The computer storage media can embody computer-readable instructions, data structures, program modules, and/or other data types in a modulated data signal such as a carrier wave or other transport mechanism and includes any information delivery media. The term “modulated data signal” can refer to a signal that has one or more of its characteristics set or changed in such a manner as to encode information in the signal. By way of example, and not limitation, the computer storage media can include wired media such as a wired network or direct-wired connection, and wireless media such as acoustic, RF, infrared and other wireless media. Combinations of any of the above should also be included within the scope of computer-readable media.

The CPU(s) 706 can be configured to execute at least some of the computer-readable instructions to control one or more components of the computing device 700 to perform one or more of the methods and/or processes described herein. The CPU(s) 706 can each include one or more cores (e.g., one, two, four, eight, twenty-eight, seventy-two, etc.) that are capable of handling a multitude of software threads simultaneously. The CPU(s) 706 can include any type of processor, and can include different types of processors depending on the type of computing device 700 implemented (e.g., processors with fewer cores for mobile devices and processors with more cores for servers). For example, depending on the type of computing device 700, the processor can be an Advanced RISC Machines (ARM) processor implemented using Reduced Instruction Set Computing (RISC) or an x86 processor implemented using Complex Instruction Set Computing (CISC). The computing device 700 can include one or more CPUs 706 in addition to one or more microprocessors or supplementary co-processors, such as math co-processors.

In addition to or alternatively from the CPU(s) 706, the GPU(s) 708 can be configured to execute at least some of the computer-readable instructions to control one or more components of the computing device 700 to perform one or more of the methods and/or processes described herein. One or more of the GPU(s) 708 can be an integrated GPU (e.g., with one or more of the CPU(s) 706 and/or one or more of the GPU(s) 708 can be a discrete GPU. In implementations, one or more of the GPU(s) 708 can be a coprocessor of one or more of the CPU(s) 706. The GPU(s) 708 can be used by the computing device 700 to render graphics (e.g., 3D graphics) or perform general purpose computations. For example, the GPU(s) 708 can be used for General-Purpose computing on GPUs (GPGPU).

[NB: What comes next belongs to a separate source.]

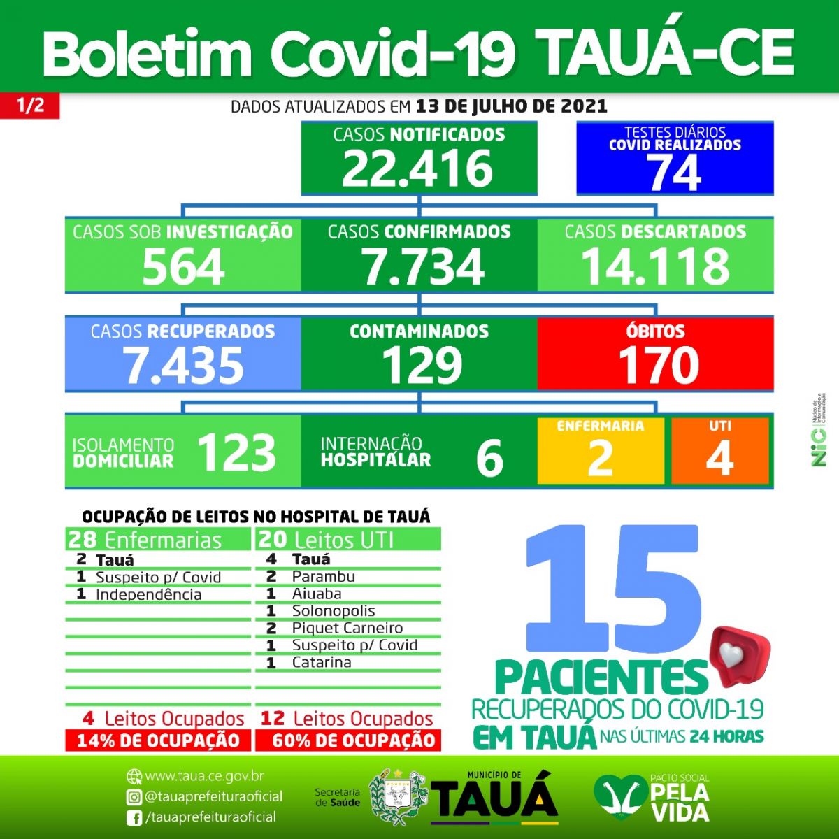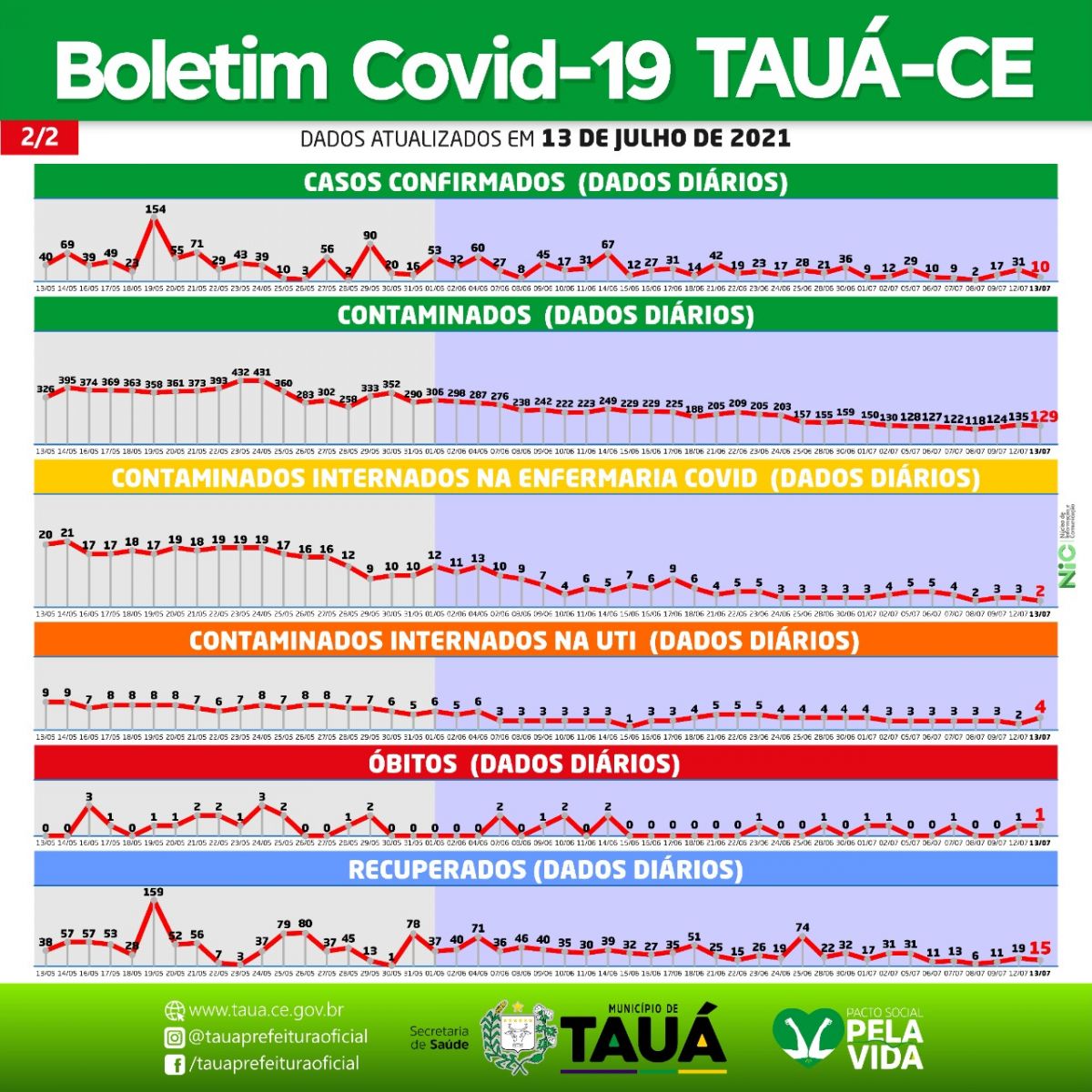 O Município de Tauá atinge a marca de 170 mortes provocadas pelo Coronavírus desde o início da pandemia em março de 2020. A informação é da Secretaria de Saúde por meio do Boletim Epidemiológico divulgado na noite de hoje(13).

The GPU(s) 708 can include hundreds or thousands of cores that are capable of handling hundreds or thousands of software threads simultaneously. The GPU(s) 708 can generate pixel data for output images in response to rendering commands (e.g., rendering commands from the CPU(s) 706 received via a host interface). The GPU(s) 708 can include graphics memory, such as display memory, for storing pixel data or any other suitable data, such as GPGPU data. The display memory can be included as part of the memory 704. The GPU(s) 708 can include two or more GPUs operating in parallel (e.g., via a link). The link can directly connect the GPUs (e.g., using NVLINK) or can connect the GPUs through a switch (e.g., using NVSwitch). When combined together, each GPU 708 can generate pixel data or GPGPU data for different portions of an output or for different outputs (e.g., a first GPU for a first image and a second GPU for a second image). Each GPU can include its own memory, or can share memory with other GPUs.

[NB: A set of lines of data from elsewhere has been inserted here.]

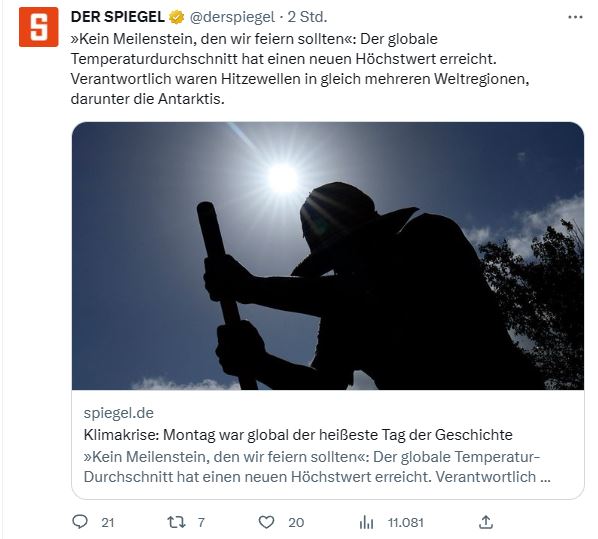 So warm war es weltweit durchschnittlich am vergangenen Montag. Noch nie wurde zuvor die Marke von 17 Grad Celsius geknackt!
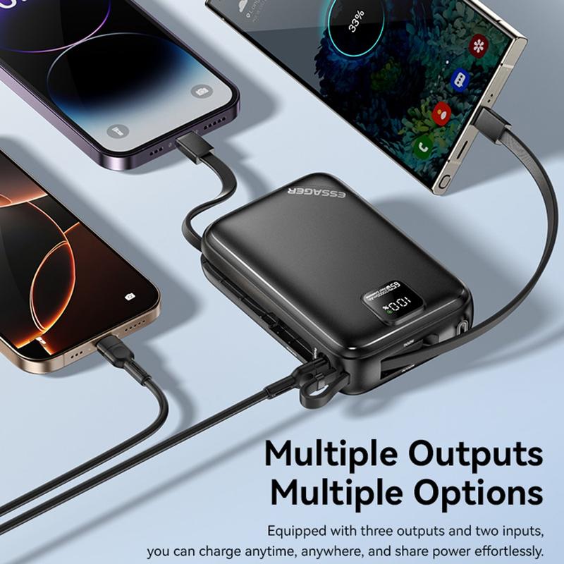 Power bank ESSAGER PD 65W łączy w sobie szybkie ładowanie na poziomie laptopa, dwa wbudowane kable, dużą pojemność i inteligentne monitorowanie LED, dzięki czemu jest to najlepsze rozwiązanie do ładowania w podróży, pracy i codziennego noszenia.
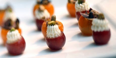 Wash grapes and cut a very thin slice of skin off of the bottom of each grape so that they will sit upright. Cut the tops off and discard. Scoop out some of the flesh with a sharp paring knife to create a small cavity in each grape.
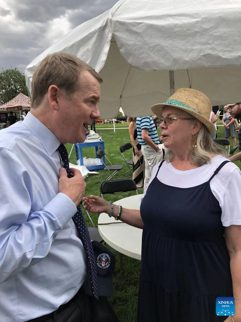 A gathering of several hundred, including two prominent politicians, was held in Colorado on July 23 to honor the fallen and first responders at the Batman movie massacre one decade ago. (Photo by Peter Mertz/Xinhua)

In addition to or alternatively from the CPU(s) 706 and/or the GPU(s) 708, the logic unit(s) 720 can be configured to execute at least some of the computer-readable instructions to control one or more components of the computing device 700 to perform one or more of the methods and/or processes described herein. In implementations, the CPU(s) 706, the GPU(s) 708, and/or the logic unit(s) 720 can discretely or jointly perform any combination of the methods, processes and/or portions thereof. One or more of the logic units 720 can be part of and/or integrated in one or more of the CPU(s) 706 and/or the GPU(s) 708 and/or one or more of the logic units 720 can be discrete components or otherwise external to the CPU(s) 706 and/or the GPU(s) 708. In implementations, one or more of the logic units 720 can be a coprocessor of one or more of the CPU(s) 706 and/or one or more of the GPU(s) 708.

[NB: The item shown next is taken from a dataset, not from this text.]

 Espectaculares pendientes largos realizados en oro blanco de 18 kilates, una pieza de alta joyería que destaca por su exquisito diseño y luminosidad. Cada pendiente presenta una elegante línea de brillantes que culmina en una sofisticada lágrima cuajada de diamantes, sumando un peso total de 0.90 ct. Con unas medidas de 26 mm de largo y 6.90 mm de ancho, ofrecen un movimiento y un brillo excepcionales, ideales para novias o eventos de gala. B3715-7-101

Examples of the logic unit(s) 720 include one or more processing cores and/or components thereof, such as Data Processing Units (DPUs), Tensor Cores (TCs), Tensor Processing Units (TPUs), Pixel Visual Cores (PVCs), Vision Processing Units (VPUs), Graphics Processing Clusters (GPCs), Texture Processing Clusters (TPCs), Streaming Multiprocessors (SMs), Tree Traversal Units (TTUs), Artificial Intelligence Accelerators (AIAs), Deep Learning Accelerators (DLAs), Programmable Vision Accelerator (PVAs)—which can include one or more direct memory access (DMA) systems, one or more vision or vector processing units (VPUs), one or more pixel processing engines (PPEs)—e.g., including a 2D array of processing elements that each communicate north, south, east, and west with one or more other processing elements in the array, one or more decoupled accelerators or units (e.g., decoupled lookup table (DLUT) accelerators or units), etc., Vision Processing Units (VPUs), Optical Flow Accelerators (OFAs), Field Programmable Gate Arrays (FPGAs), Neuromorphic Chips, Quantum Processing Units (QPUs), Associative Process Units (APUs), Arithmetic-Logic Units (ALUs), Application-Specific Integrated Circuits (ASICs), Floating Point Units (FPUs), input/output (I/O) elements, peripheral component interconnect (PCI) or peripheral component interconnect express (PCIe) elements, and/or the like.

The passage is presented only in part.